Executes all requests in a collection asynchronously. A collection can be executed multiple times.

Request

curl -X POST \
'https://api.scrapingpros.com/v1/async/collections/c38b0bcf-cb7c-4728-8704-2c2e267dcff9/run' \
-H 'Authorization: Bearer <API-KEY>'

No body required.

Response (201)

{
"run_id": "9b64941a-4545-4c57-9174-c70e781d9192",
"status": "in_progress",
"total_requests": 2,
"success_requests": 0,
"failed_requests": 0,
"timeout_requests": 0,
"collection_id": "c38b0bcf-cb7c-4728-8704-2c2e267dcff9"
}

GET /v1/async/collections/{collection_id}/runs/{run_id}

Queries the status and result of an execution.

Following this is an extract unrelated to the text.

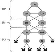 - le commutateur de transit secondaire (CTS) où on définit une communication interurbaine ou régionale. Il relie donc tous les CAA de la même zone de transit secondaire (ZTS) ou transfert les communications au CTP lorsque ce n’est plus de son ressort[2].
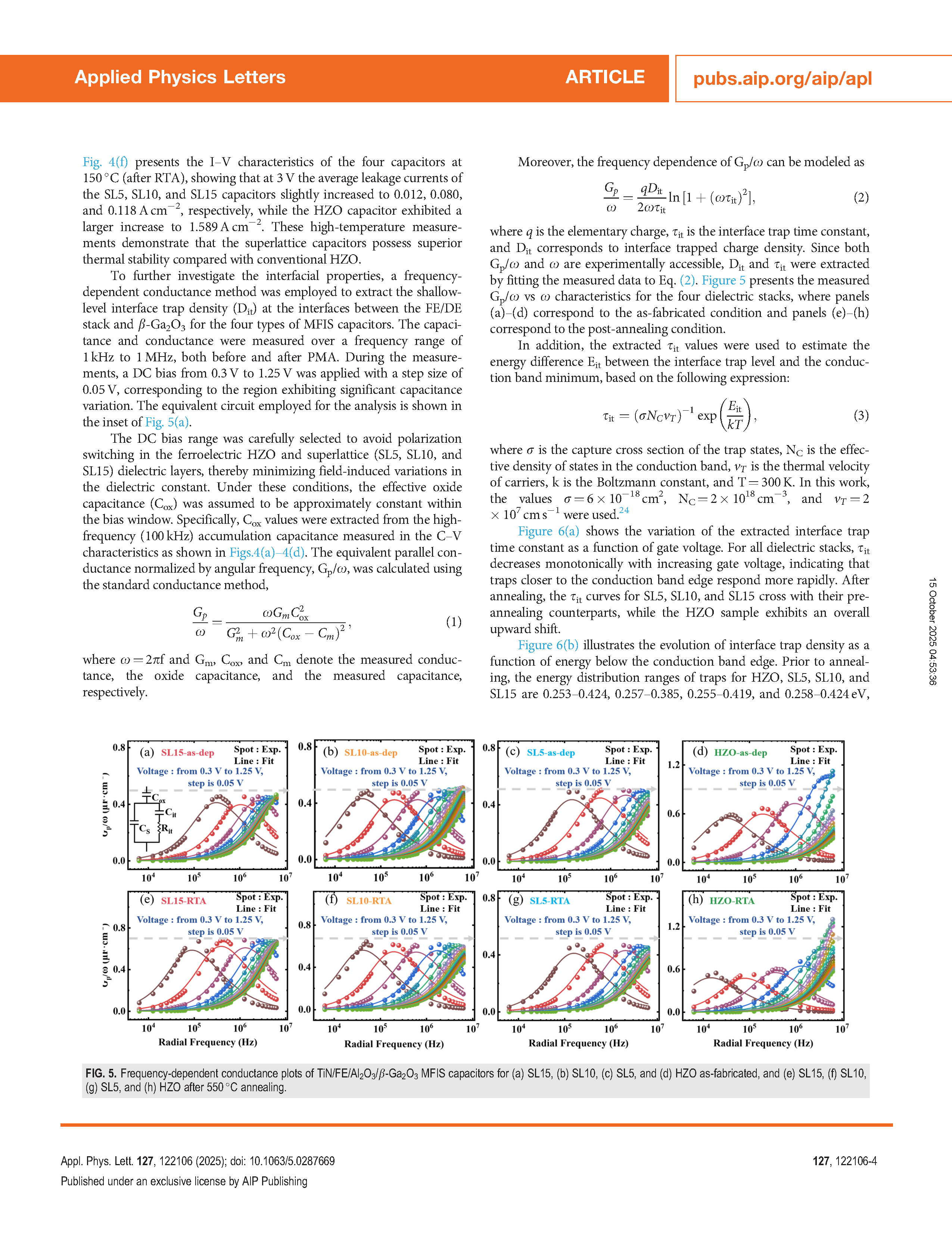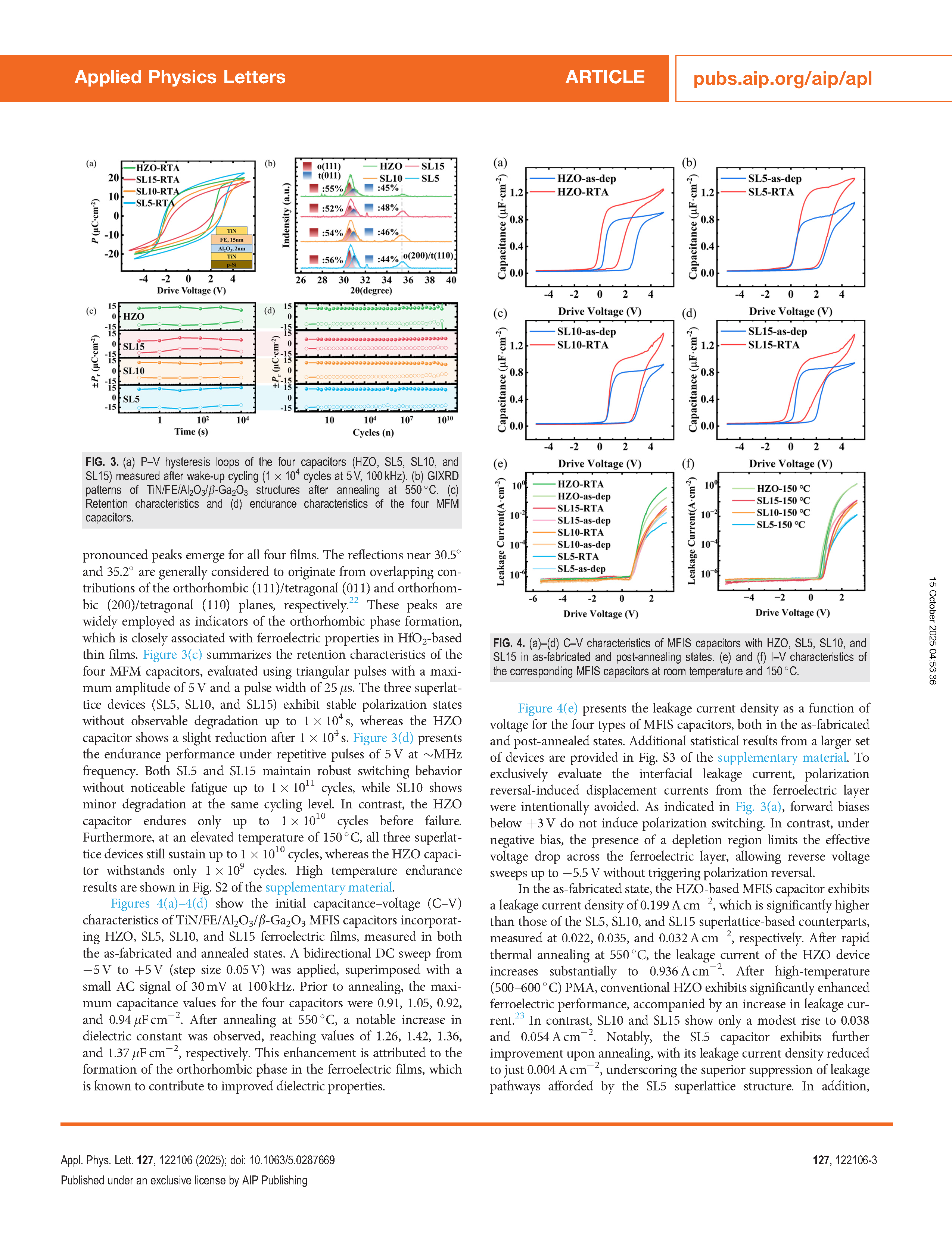 In summary, this work systematically elucidates the advantages of employing HZO SL ferroelectric gate dielectrics in β-Ga2O3 MFIS capacitors, benchmarked against conventional HZO and the thicker-period SL10 and SL15 counterparts. After PMA at 550 C, the SL5 device achieves a pronounced reduction in leakage current (from 0.936 A cm-2 for HZO to 0.004 A cm-2 at 3 V) while maintaining the largest remanent polarization (2Pr = 29.3 μC cm-2, vs 27.3, 22.4, and 17 μC cm-2 for HZO, SL10, and SL15, respectively). Moreover, SL5 exhibits the lowest and most stable interface trap density (Dit reduced from 6.78 × 1012–8.43 × 1012 to 6.39 × 1012–7.11 × 1012 cm-2 eV-1 after annealing), as well as outstanding reliability, sustaining >1 × 1011 switching cycles at room temperature and >1 × 1010 cycles at 150 °C, together with stable polarization retention over 1 × 104 s. These results highlight that superlattice engineering—particularly with the SL5 architecture—enables the simultaneous realization of high polarization, suppressed leakage, reduced interface traps, and excellent endurance and retention, thereby establishing a promising pathway toward reliable, high-performance, normally off β-Ga2O3 power electronics.

Call periodically until status is completed.

Request

curl 'https://api.scrapingpros.com/v1/async/collections/c38b0bcf-cb7c-4728-8704-2c2e267dcff9/runs/9b64941a-4545-4c57-9174-c70e781d9192' \
-H 'Authorization: Bearer <API-KEY>'

Response -- in progress (200)

{
"run_id": "9b64941a-4545-4c57-9174-c70e781d9192",
"status": "in_progress",
"total_requests": 2,
"success_requests": 1,
"failed_requests": 0,
"timeout_requests": 0,
"collection_id": "c38b0bcf-cb7c-4728-8704-2c2e267dcff9"
}

Response -- completed without errors (200)

{
"run_id": "9b64941a-4545-4c57-9174-c70e781d9192",
"status": "completed",
"total_requests": 2,
"success_requests": 2,
"failed_requests": 0,
"timeout_requests": 0,
"collection_id": "c38b0bcf-cb7c-4728-8704-2c2e267dcff9",
"failed_jobs": []
}

Response -- completed with errors (200)

{
"run_id": "9b64941a-4545-4c57-9174-c70e781d9192",
"status": "completed",
"total_requests": 3,
"success_requests": 2,
"failed_requests": 1,
"timeout_requests": 0,
"collection_id": "c38b0bcf-cb7c-4728-8704-2c2e267dcff9",
"failed_jobs": [
{
"job_id": "e3a1b2c4-...",
"url": "https://example.com/page-that-failed",
"status": "failed",
"error": "Connection timeout"
}
]
}

Response Fields

FieldTypeDescription
run_idstring (UUID)Unique identifier of the execution
statusstringStatus: in_progress or completed
total_requestsintegerTotal requests in the collection
success_requestsintegerSuccessfully completed requests
failed_requestsintegerFailed requests
timeout_requestsintegerRequests that timed out
collection_idstring (UUID)ID of the executed collection
failed_jobsarrayList of failed or timed-out jobs, with their URL and error reason

Where are the scraping results?

The run endpoint returns the execution status and details of failed jobs, but does not return the HTML of successful requests. Individual results for each URL are not accessible once the run is finished.

Use asynchronous mode when you need to confirm that a set of URLs was processed, and synchronous mode (/v1/sync/scrape) when you need the resulting HTML of each request.

Example: polling until completion

import time, requests

BASE_URL = "https://api.scrapingpros.com"
HEADERS = {"Authorization": "Bearer <API-KEY>"}
COLLECTION_ID = "c38b0bcf-cb7c-4728-8704-2c2e267dcff9"

# Start the run
run = requests.post(
f"{BASE_URL}/v1/async/collections/{COLLECTION_ID}/run",
headers=HEADERS
).json()

run_id = run["run_id"]

# Poll until completed
while True:
status = requests.get(
f"{BASE_URL}/v1/async/collections/{COLLECTION_ID}/runs/{run_id}",
headers=HEADERS
).json()

print(f"Status: {status['status']}{status['success_requests']}/{status['total_requests']} successful")

if status["status"] == "completed":
break

time.sleep(5)

# Check failed jobs
if status["failed_jobs"]:
print("Failed jobs:")
for job in status["failed_jobs"]:
print(f" - {job['url']}: {job['error']}")